Pour le Conseil constitutionnel, qui garantit la conformité de la loi aux principes les plus fondamentaux du droit français, cumuler dans certains cas une peine, éventuellement de prison, et un redressement fiscal alourdi permet «d'assurer la protection des intérêts financiers de l'Etat ainsi que l'égalité devant l'impôt», avec une dimension «à la fois dissuasive et répressive».

L'un des articles du Code général des impôts validé vendredi prévoit des redressements majorés de jusqu'à 80% en cas d'«omissions» ou d'«inexactitudes» dans les déclarations au fisc: c'est une sanction administrative.
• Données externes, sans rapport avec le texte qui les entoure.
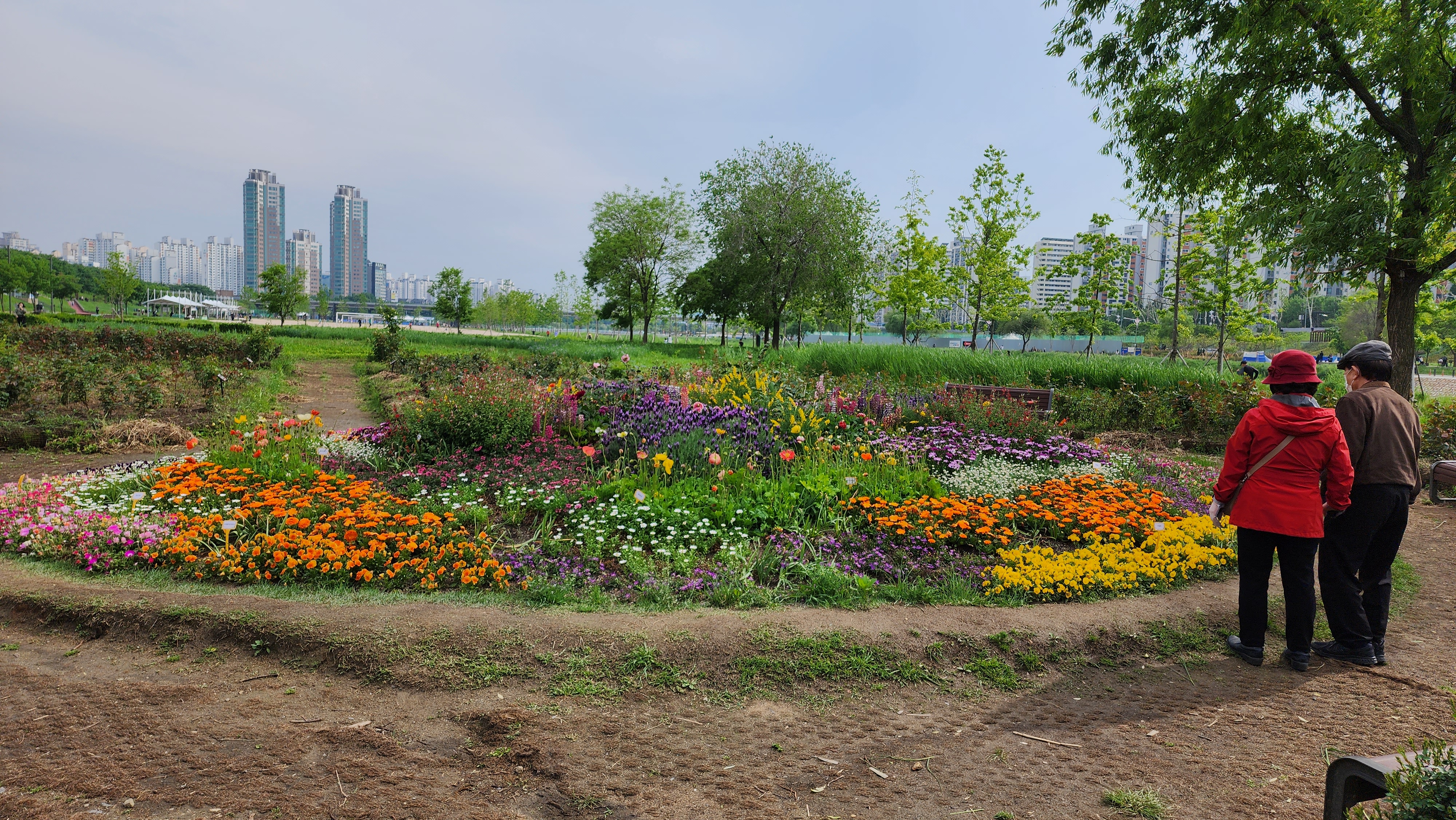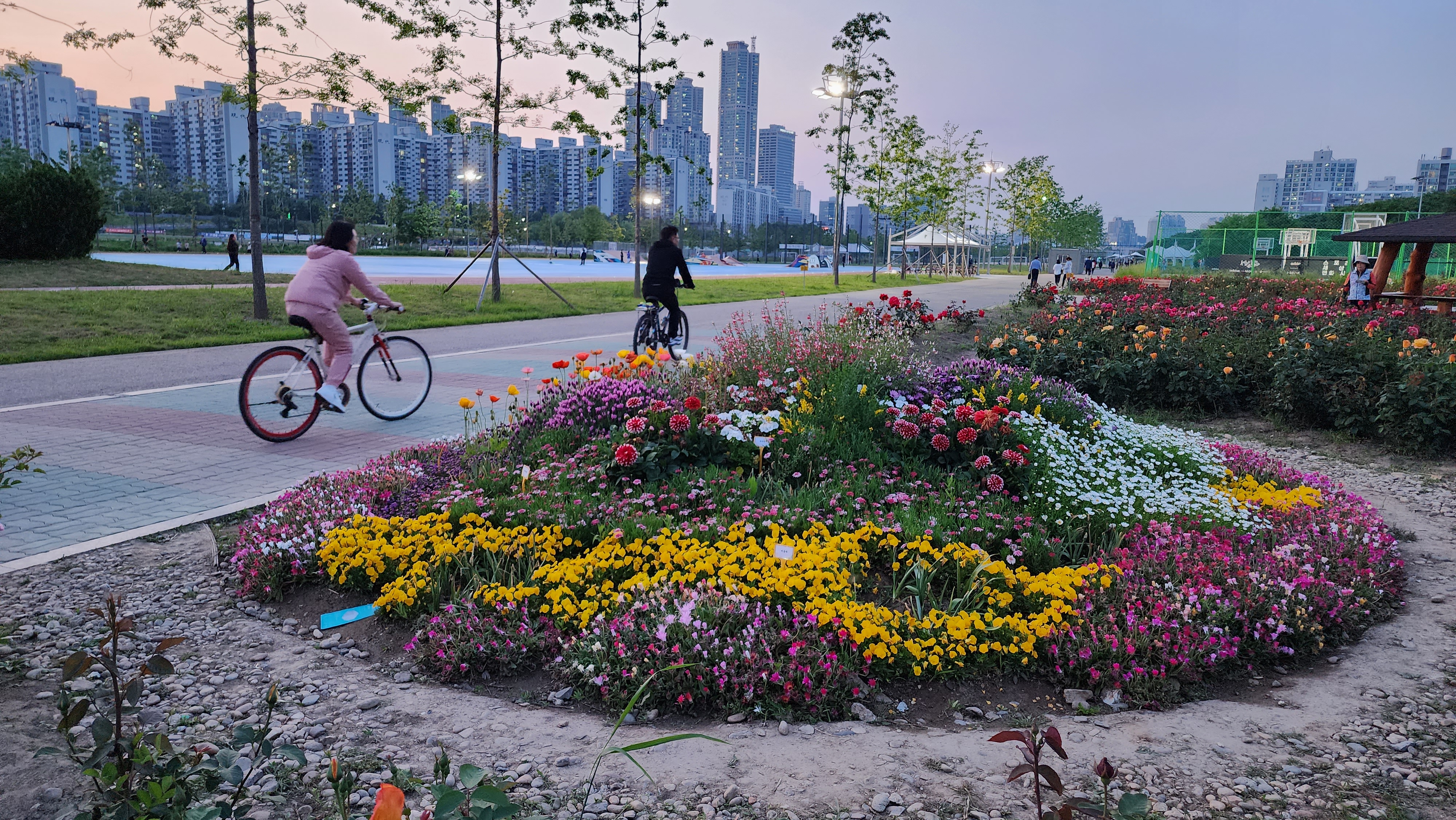 안양천 신정교-오목교 사이 문래동방면 화단에 꽃이 피었어요.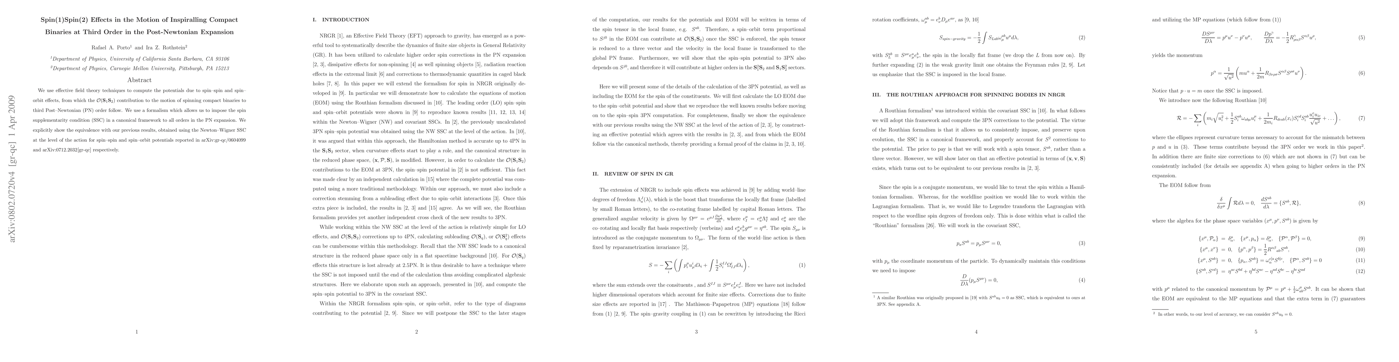 This paper employs effective field theory to calculate spin-spin and spin-orbit potentials, determining the spin(1)spin(2) effects on the motion of inspiralling compact binaries up to third Post-Newtonian order. It uses a formalism that incorporates the spin supplementarity condition canonically, confirming consistency with prior results from the Newton-Wigner SSC.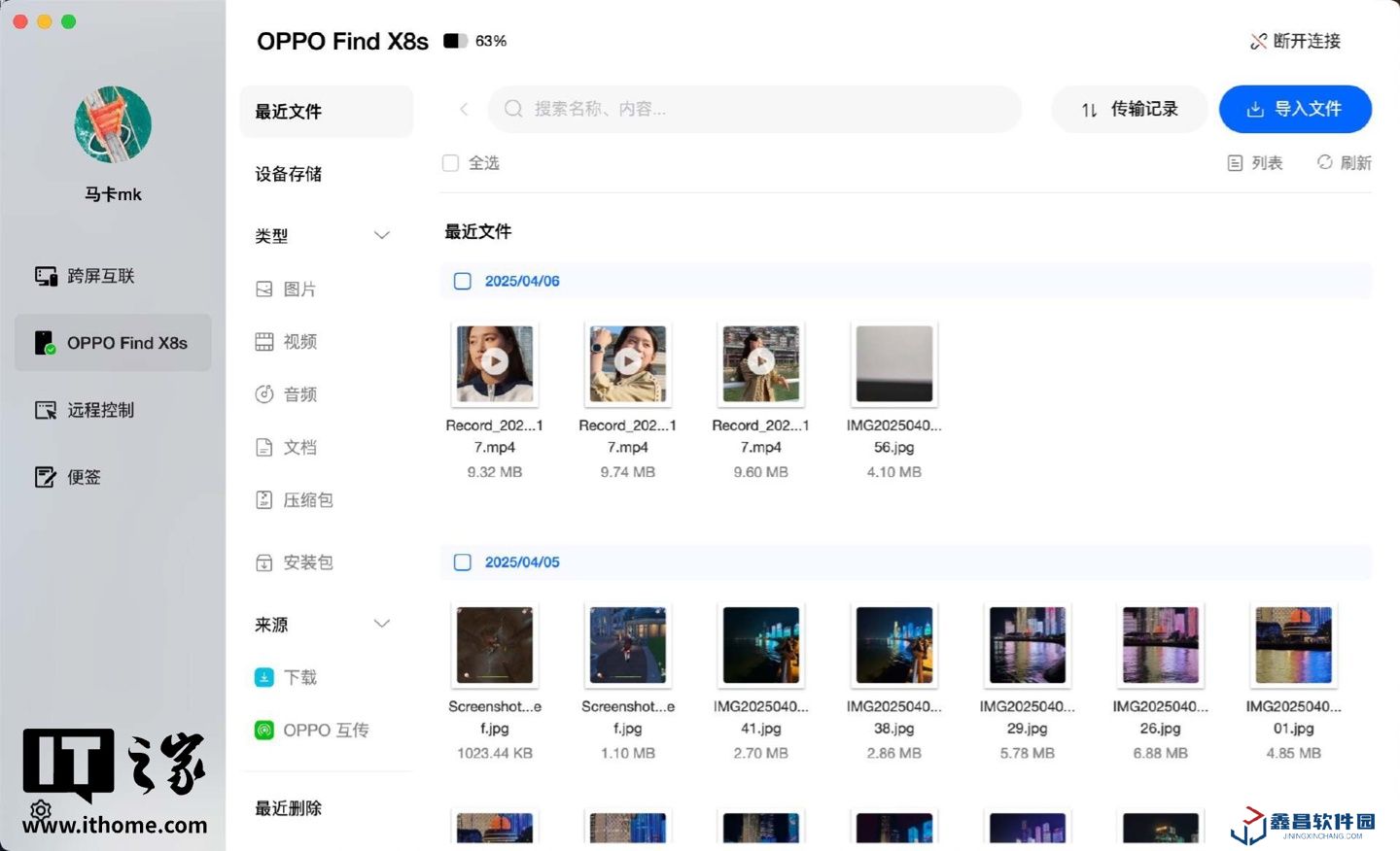 連接后,在 O+ 互聯(lián)客戶端內(nèi)可以看到手機的各種文檔、包括圖片、視頻、下載等,拖拽的方式就可實現(xiàn)“互傳”。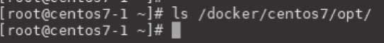 接下来,验证一下容器挂载目录的功能。首先重新打开一个新的虚拟机的shell,查看虚拟机上/docker/centos7/opt/目录下是否有文件,如图2-60所示。可以看到,此时虚拟机上/docker/centos7/opt目录是空的。

L'autre article menace d'amendes (jusqu'à deux millions d'euros) et de peines de prison (jusqu'à sept ans) «quiconque s'est frauduleusement soustrait» à l'impôt: c'est une sanction pénale.

«Puni deux fois »

Pour les avocats de Jérôme Cahuzac, qui réceptionnait des enveloppes de cash sous le nom de «Birdie», et des millionnaires qui ont caché leurs Bonnard et autres Fragonard, cela revient à punir le fraudeur deux fois. Et à violer une protection vieille comme le droit romain - qui parlait de «non bis in idem» (pas deux fois pour la même chose).

Les époux Cahuzac, en plus d'une éventuelle amende ou peine de prison, ont déjà accepté un redressement fiscal majoré, de 2,3 millions d'euros. Les héritiers Wildenstein se voient, eux, réclamer plus de 500 millions d'euros par le fisc.

Le Conseil constitutionnel n'en a toutefois pas fini avec la fiscalité pour cette année. Saisis par un fraudeur condamné à deux ans d'emprisonnement avec sursis, les Sages devront avant fin août se prononcer sur l'une des dispositions les plus contestées du droit français en la matière, le «verrou de Bercy».

En clair, le lancement de poursuites pénales pour fraude fiscale en France ne peut être déclenché que par une plainte préalable de l'administration fiscale elle-même, après avis conforme d'un organisme rattaché au ministère des Finances, appelé «commission des infractions fiscales». Ce mécanisme est souvent critiqué pour son caractère arbitraire et opaque.

Pour la Cour de cassation, ce système est susceptible de «porter une atteinte injustifiée aux principes d'indépendance de l'autorité judiciaire et de la séparation des pouvoirs», puisqu'il confie à l'exécutif et non au parquet le pouvoir de déclencher des poursuites. Le Conseil constitutionnel doit rendre sa décision sur ce point, moins médiatique que l'affaire Cahuzac mais encore plus sensible juridiquement, avant le 24 août.